児玉化 Research Memo(2):自動車部品と住宅設備・冷機部品に強みを持つ樹脂加工メーカー
■事業内容
児玉化学工業<4222>は、わが国初の大型真空成形機を西独より輸入し大型真空成形機によるプラスチックス成形品を日本で生産開始したことが出発点となる。当時は今で言うベンチャー企業であった。その後、樹脂加工の領域で技術を積み上げ、現在は「モビリティ事業」「リビングスペース事業」を主要事業とする。2024年3月期の売上高構成比は、「モビリティ事業」が65.4%、「リビングスペース事業」が30.9%であり、両事業で全体の96.3%を占める。
1. モビリティ事業
各種ピラー類、ラッゲージトリムやトランクトリム、ドアトリム、スポイラー、フェンダーカバー、インストルメントパネル、フロントスポイラーやスカートなどの自動車内外装品を大手自動車メーカーに供給している。国内ではトラック及びRV車を主体とし、海外ではピックアップトラック及び乗用車を主体に展開している。注力するのは新規開発品のガラス繊維マットプレス新工法及び三次元加飾製品の部品供給で、これらは日系メーカーの有力車種に採用されるなど、今後に期待が持てる。
2. リビングスペース事業
主に洗面化粧鏡、キッチン、トイレ、バスなど、水周りに採用される樹脂製品を供給している。設計から生産まで一貫した完全受託生産体制を確立しており、その技術力に対する評価は高い。特に、洗面化粧鏡に強みを持ち、各大手住宅設備メーカーへ供給している。国内のリフォームニーズへの対応だけでなく、大手住宅設備メーカーとのパイプを積極的に活用し拡販を図る考えだ。
3. アドバンスド&エッセンシャル事業
ゲーム用パッケージや自動車部品用トレーなどの樹脂製品を供給している。加えて、将来的には医療分野等への事業拡大を展開していく意向である。ゲーム向けについては、コロナ禍においては巣ごもり需要を背景に収益貢献したが、ヒット製品が飛び出した場合、収益に大きく貢献する。
4. 新技術
新技術として、ガラス繊維マットプレス新工法によるプラスチック製品の工業化に成功、有力車種への搭載が相次いだ。新工法による製品がトヨタ自動車<7203>の「レクサス」に採用されるなど注目度が高い。さらに、三次元加飾工法による高度加飾分野も、トヨタ自動車の「カムリ」やSUV新型「ハリアー」、三菱自動車工業<7211>の「デリカD:5」及び本田技研工業<7267>(ホンダ)の「オデッセイ」にも採用されている。

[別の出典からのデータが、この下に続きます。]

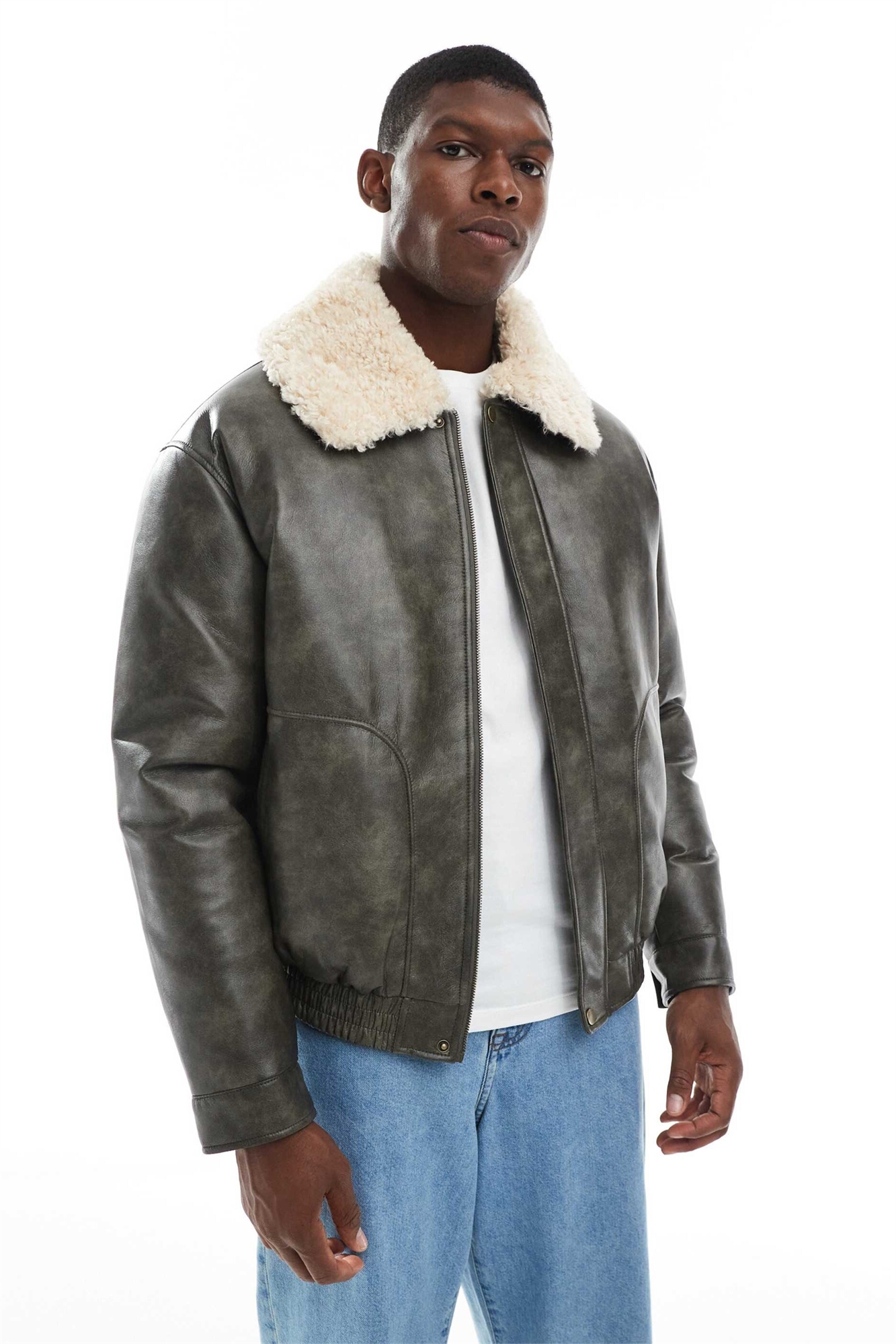 Бомбер из искусственной кожи с воротником из контрастной замши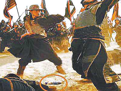 《见龙卸甲》"穿帮"剧照 赵子龙脚踏可乐瓶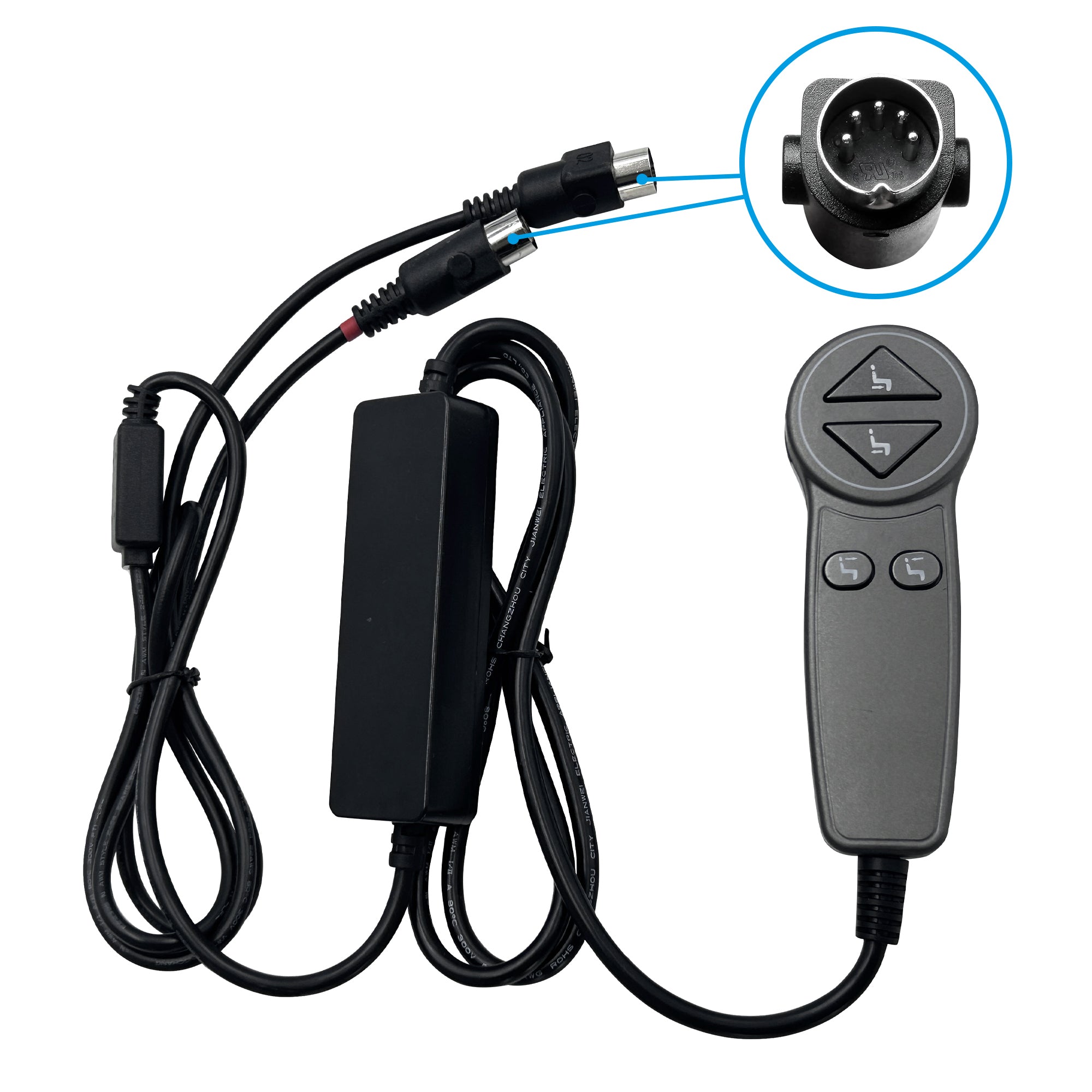 This is mulin 4 button 5 pin power recliner lift chair remote model mlsk57-J1 replacement. This remote has two 5 pin male plug, controls two motors,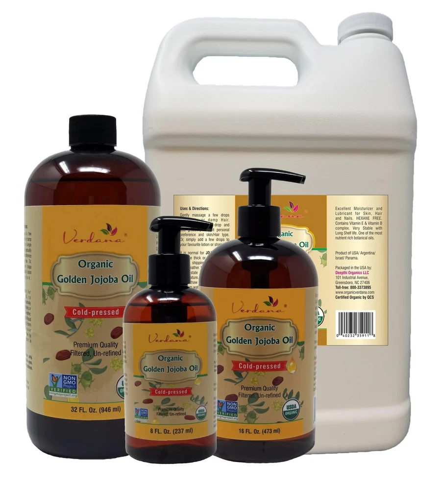 Verdana Organic USDA Certified Organic Golden Jojoba Oil, Cold Pressed, Unrefined, 32 Fl Oz Bulk size - Deepthi Organics Product Details Size: 32 Fl Oz (Pack of 1) Brand: Verdana MPN: 103O-32 UPC: 040232359101 EAN: 0040232359101 Brand: Verdana Item Volume: 32 Fluid Ounces Item dimensions L x W x H: 6 x 2 x 7.5 inches Age Range (Description): Adult Special Feature: Non Comedogenic Product Dimensions : 6 x 2 x 7.5 inches; 2 Pounds UPC : Manufacturer : Organic Verdana USDA ORGANIC JOJOBA OIL: The Verdana jojoba oil is simply 100% Organic Simmondsia chinensis (jojoba seed) oil nothing added and nothing removed. The oil is USDA NOP certified organic, vegan, and free of GMOs. We left this pure jojoba oil in its natural state so that you can use it straight from the bottle or add it to other beauty products. FOR DRY SKIN: Dont you just hate it when your elbows or heels get so dry that they crack? Verdanas 100% jojoba oil is a natural moisturizer, very similar to the sebum that the skin naturally produces. Its safe to use as a facial moisturizer. Gently massage a few drops into the desired area according to your personal preference. FOR DRY HAIR: Are you sick of frizzy hair that has a mind of its own? Tame your frizzy hair and boost hair growth with Verdanas virgin jojoba oil. This also helps with itchy or flaky scalp. Add a few drops to your shampoo or directly to your damp hair. Massage it in to your scalp according to your personal preference. Rejuvenate brittle, frizzy, and dry hair with our jojoba oil. FOR RAZOR BURN: This natural filtered jojoba oil is the perfect solution for razor burn, being non-allergenic and non-comedogenic. Apply the organic oil before shaving to create a smooth surface for shaving. Then, apply it after to moisturize your skin and help cuts heal. NATURAL MAKEUP REMOVER: Our cold pressed jojoba oil is a natural way to remove your makeup every day. Avoid extra dry skin that comes from some makeup removers. Add a few drops to a cotton ball or pad and gently wipe off your makeup. If you have very dry skin, jojoba oil will help to moisturize the areas where you removed the makeup.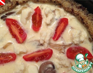 Переливаем начинку в подготовленную форму, сверху раскладываем дольки помидоров черри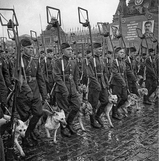 В годы Великой Отечественной войны в армию было призвано около 68000 собак. Из них было сформировано 168 отрядов.

海外向けについては、2002年よりEcho Autoparts (Thailand) Co., Ltd.(タイ)で自動車部品事業を展開しており、自動車各社の戦略車種に使用される部品の受注により収益確保を図るほか、Thai Kodama Co., Ltd.(タイ)及びThai Kodama (Vietnam) Co., Ltd.(ベトナム)において、冷機成形品事業や食品容器事業等の拡大を進めている。
同社製品はBtoBに位置付けられ、最終製品の多くを日系企業に供給する形であり、大手メーカーとの国内でのつながりを海外でも活用している。自動車、住宅設備・冷機部品など供給先の製品が海外進出エリアで拡大すれば、同社の収益も伸長する。